__Task goal__: The lines below, from the one holding "日本初の、加工専用ジャガイモ品種として育成されています。" through the one holding "広々としたリビング・ダイニン", are to be restated word for word, with all images left out.

__Records shown__:
========

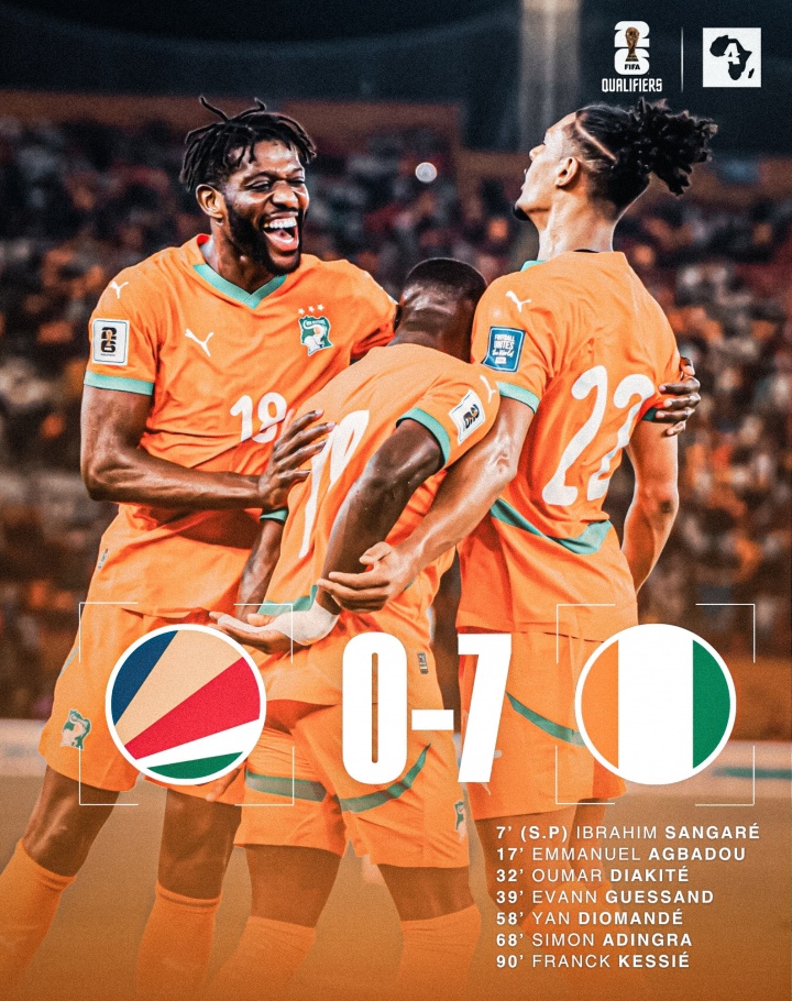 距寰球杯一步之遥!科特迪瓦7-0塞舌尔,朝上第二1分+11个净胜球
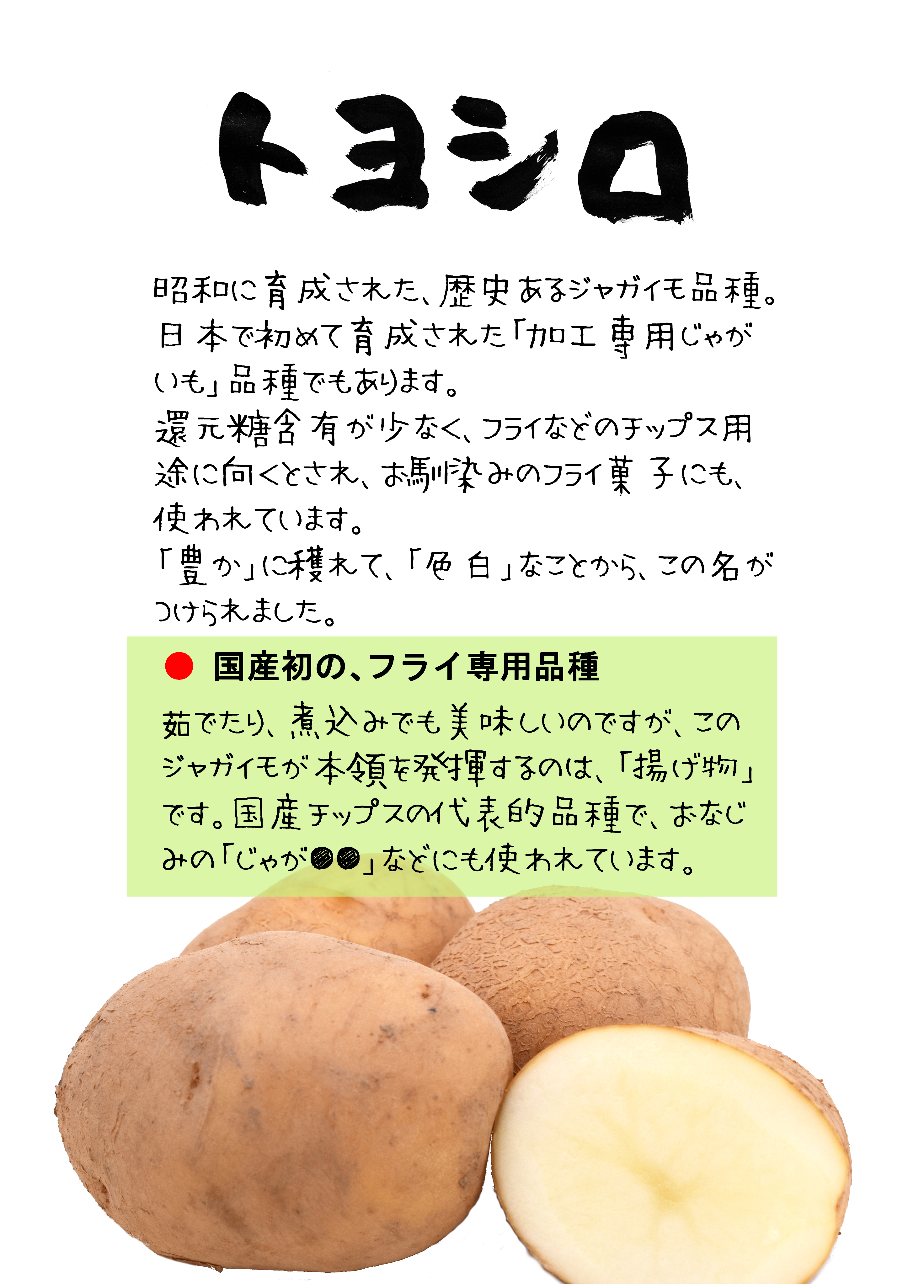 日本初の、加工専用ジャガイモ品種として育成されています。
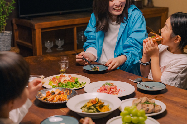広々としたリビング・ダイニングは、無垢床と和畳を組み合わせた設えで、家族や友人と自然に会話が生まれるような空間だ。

========

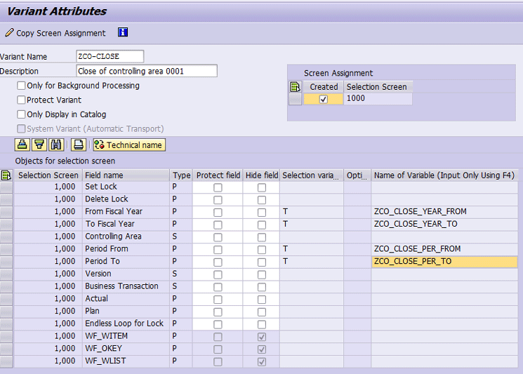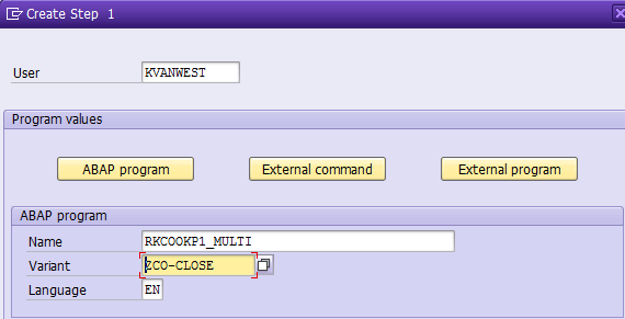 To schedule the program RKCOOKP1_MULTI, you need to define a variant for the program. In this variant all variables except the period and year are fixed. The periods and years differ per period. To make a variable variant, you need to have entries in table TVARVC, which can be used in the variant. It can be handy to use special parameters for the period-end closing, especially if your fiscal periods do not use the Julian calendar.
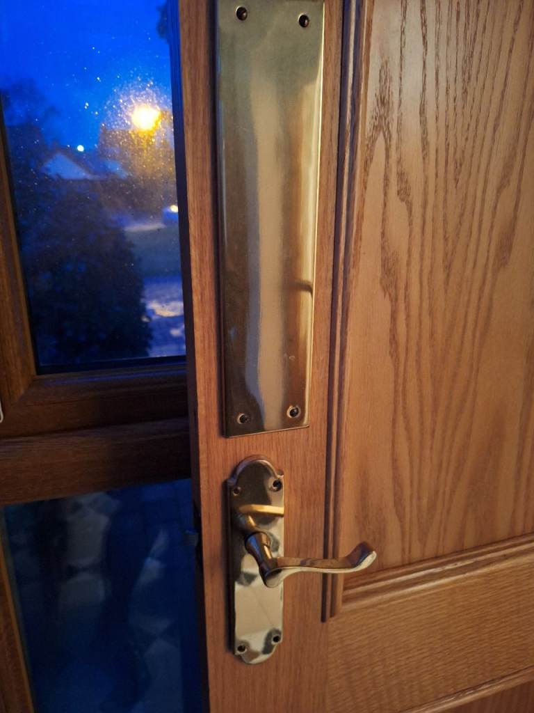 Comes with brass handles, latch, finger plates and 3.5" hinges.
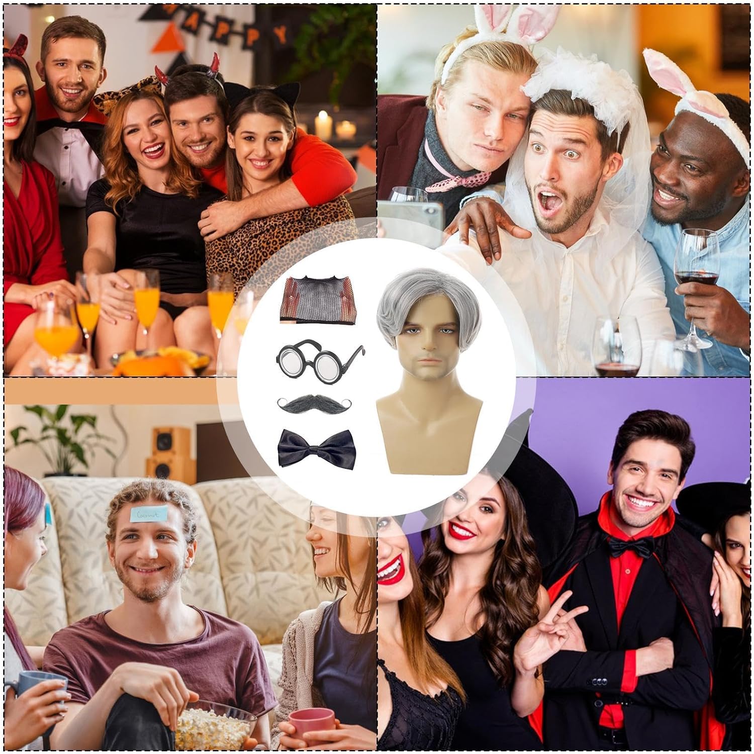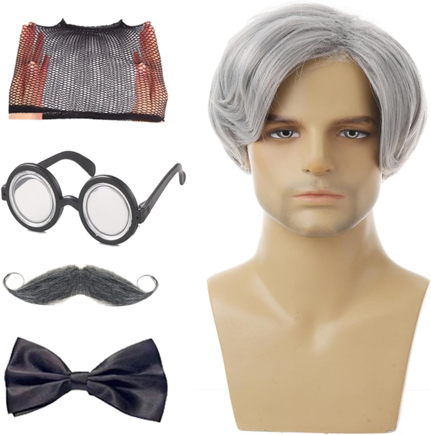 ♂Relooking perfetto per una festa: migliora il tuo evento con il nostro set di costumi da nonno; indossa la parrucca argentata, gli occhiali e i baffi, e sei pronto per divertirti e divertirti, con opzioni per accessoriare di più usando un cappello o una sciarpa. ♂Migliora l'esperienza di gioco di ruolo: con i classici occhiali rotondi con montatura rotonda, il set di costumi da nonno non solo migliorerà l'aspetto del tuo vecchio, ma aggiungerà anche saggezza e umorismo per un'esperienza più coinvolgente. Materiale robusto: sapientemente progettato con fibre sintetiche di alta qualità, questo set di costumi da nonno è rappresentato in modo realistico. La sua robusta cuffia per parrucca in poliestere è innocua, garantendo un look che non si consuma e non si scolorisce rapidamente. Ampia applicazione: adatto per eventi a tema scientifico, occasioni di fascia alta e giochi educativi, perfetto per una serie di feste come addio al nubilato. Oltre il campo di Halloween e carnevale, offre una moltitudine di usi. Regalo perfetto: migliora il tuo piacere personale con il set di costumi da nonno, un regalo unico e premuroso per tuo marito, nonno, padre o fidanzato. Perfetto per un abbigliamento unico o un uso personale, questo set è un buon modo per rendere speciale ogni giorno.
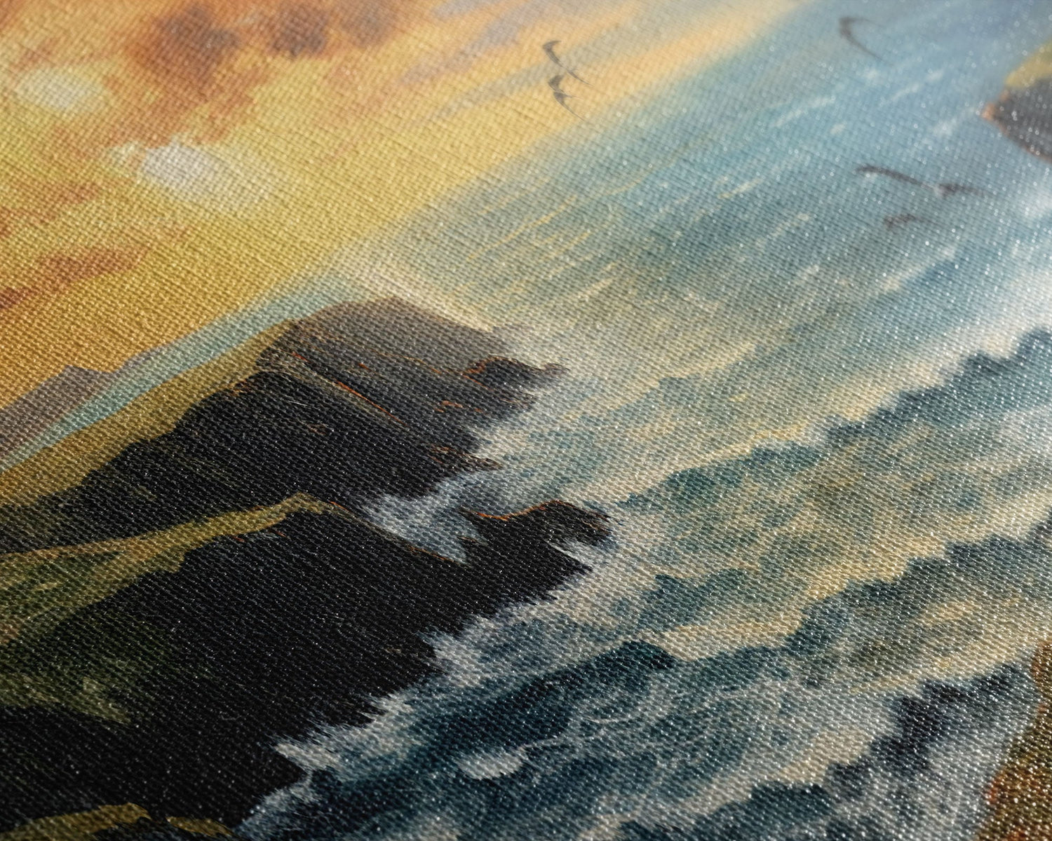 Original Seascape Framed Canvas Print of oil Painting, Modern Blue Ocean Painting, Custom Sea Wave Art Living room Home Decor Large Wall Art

========

__Completed exercise__:
 日本初の、加工専用ジャガイモ品種として育成されています。
広々としたリビング・ダイニングは、無垢床と和畳を組み合わせた設えで、家族や友人と自然に会話が生まれるような空間だ。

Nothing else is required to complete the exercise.